- Genre: Video games
- Narrated by: Steve Priestley
- Country of origin: United Kingdom
- Original language: English
- No. of series: 10

Production
- Running time: 30 minutes

Original release
- Network: ITV
- Release: 18 April 1992 – 6 February 2005

= Movies, Games and Videos =

Movies, Games and Videos (originally called Movies, Movies, Movies) was a television programme shown on ITV in the United Kingdom throughout the 1990s and into the early 2000s. The show reviewed new releases of movies, games, and videos, and was originally voiced by Steve Priestley in an offscreen role. It was produced by production company Capricorn Programmes for LWT (later Yorkshire Television, also HTV, finally UTV) who syndicated the programme to a variety of countries. Local broadcasters were sent scripts and given the option to re-voice programme content if required.

The show also included reviews of new game systems, video game creators and conventions/shows.

A short-lived spin-off magazine was also produced.

==Scheduling==
Movies, Games and Videos was not networked per se (not broadcast in a rigid timeslot on a specific day), but was shown in all regions to begin with.
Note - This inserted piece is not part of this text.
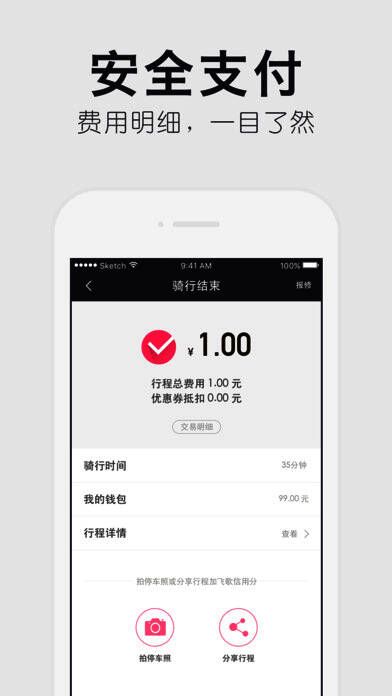 2、全民健身,享受健康:在全民健身时代,加入飞歌单车,随时随地取用车辆。

Initially this was on a Saturday lunchtime in a variety of slots - 12:30, 13:45, 15:10 etc. but gradually the scheduling varied wildly depending on each region. Some continued to broadcast it on a Saturday afternoon, whilst others began airing it in a 17:10 weekday slot, after CITV.

Though initially successful, the show was gradually dropped by most regions and by Spring 1998, only Anglia, Central HTV, Grampian Television, Meridian, Scottish Television, UTV and Westcountry Television were broadcasting the series until August 2001. From 2002 until February 2005 the series was only screened in Northern Ireland by the local contractor UTV.

It also aired on local television stations in its later years, such as TV12 in the Isle of Wight.